TASK REQUIREMENTS
Write out, with no changes, every line starting at the one that contains "Комната просторная и" and ending at the last line of the data below. Leave pictures out.

SUPPLIED INFORMATION
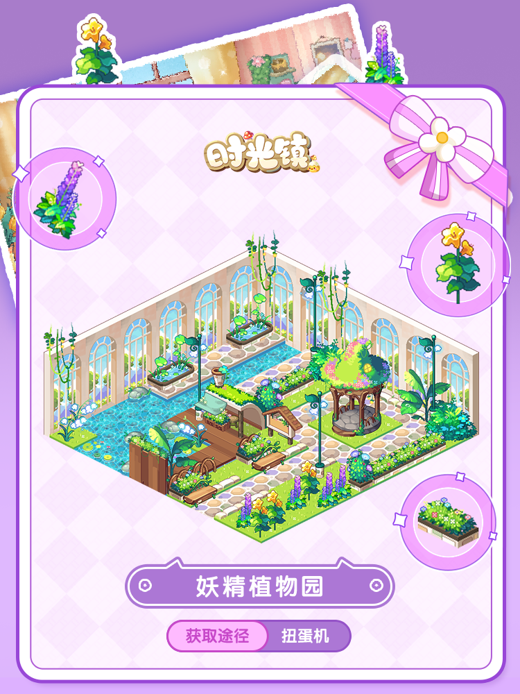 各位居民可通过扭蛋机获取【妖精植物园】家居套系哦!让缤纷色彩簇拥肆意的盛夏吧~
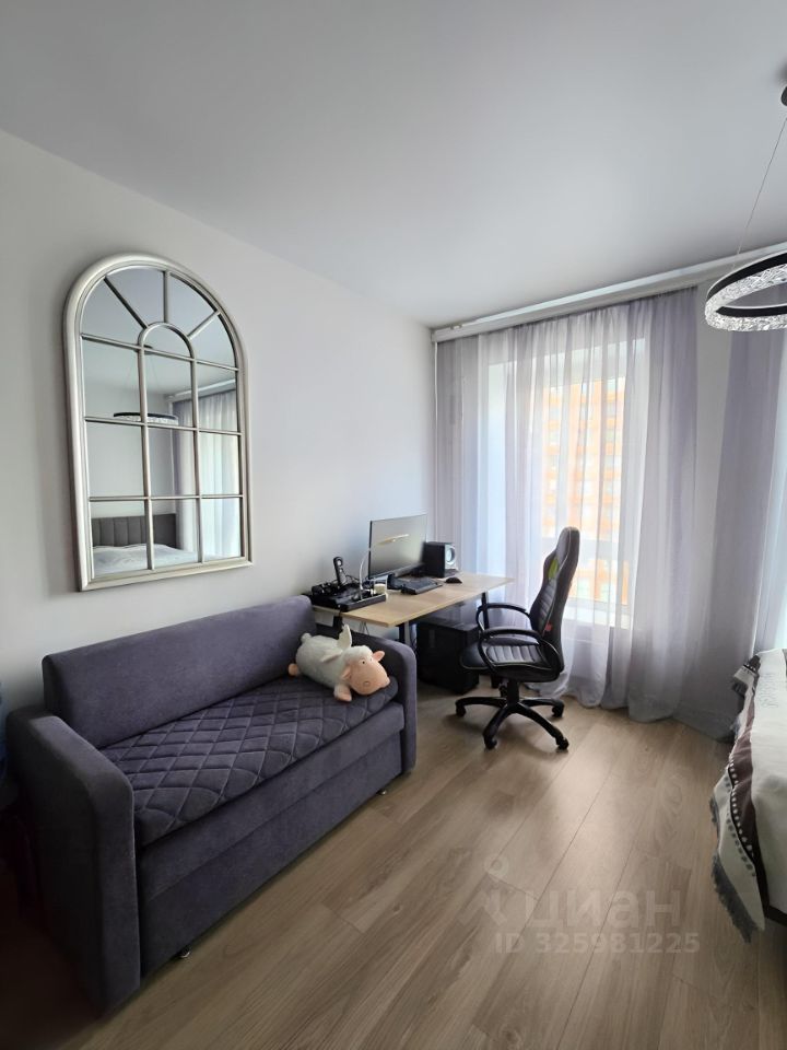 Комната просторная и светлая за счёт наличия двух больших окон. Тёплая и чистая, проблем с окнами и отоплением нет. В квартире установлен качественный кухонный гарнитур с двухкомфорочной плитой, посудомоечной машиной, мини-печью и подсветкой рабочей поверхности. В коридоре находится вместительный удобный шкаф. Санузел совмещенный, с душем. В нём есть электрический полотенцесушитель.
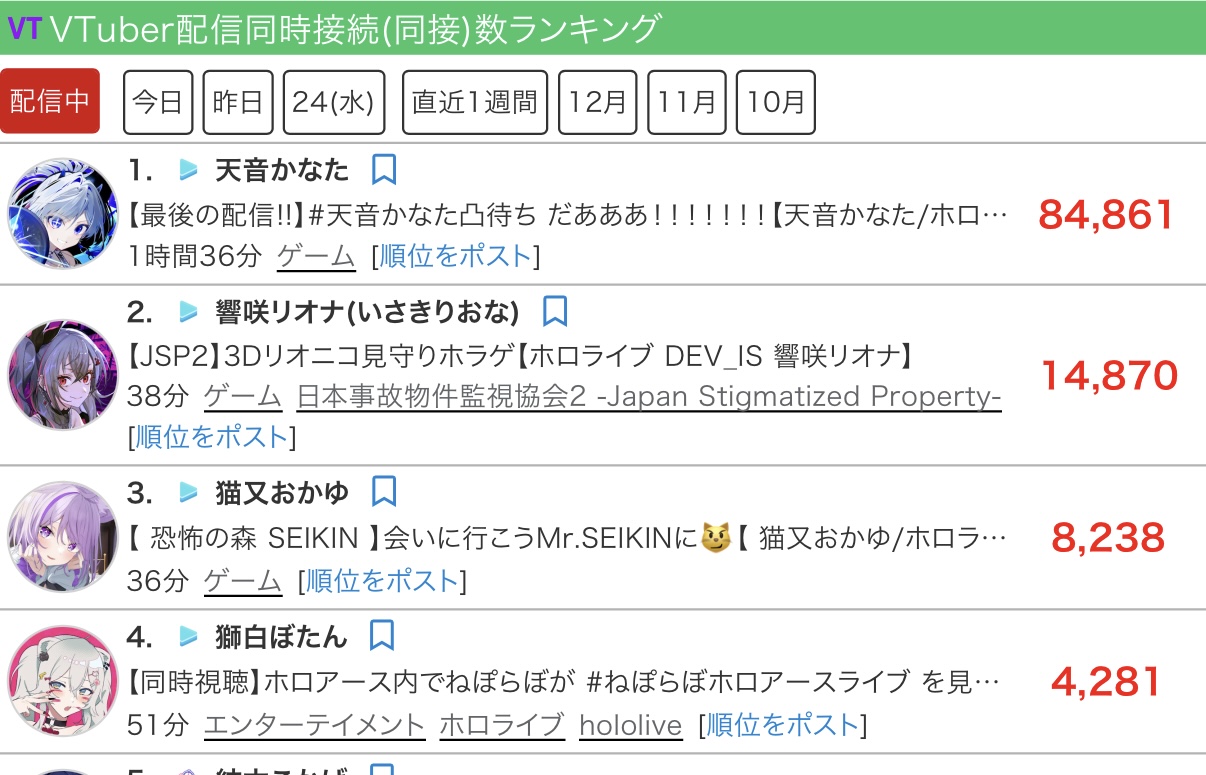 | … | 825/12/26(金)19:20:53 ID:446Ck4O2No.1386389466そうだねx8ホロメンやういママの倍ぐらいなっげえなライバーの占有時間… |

TASK SOLUTION
 Комната просторная и светлая за счёт наличия двух больших окон. Тёплая и чистая, проблем с окнами и отоплением нет. В квартире установлен качественный кухонный гарнитур с двухкомфорочной плитой, посудомоечной машиной, мини-печью и подсветкой рабочей поверхности. В коридоре находится вместительный удобный шкаф. Санузел совмещенный, с душем. В нём есть электрический полотенцесушитель.
 | … | 825/12/26(金)19:20:53 ID:446Ck4O2No.1386389466そうだねx8ホロメンやういママの倍ぐらいなっげえなライバーの占有時間… |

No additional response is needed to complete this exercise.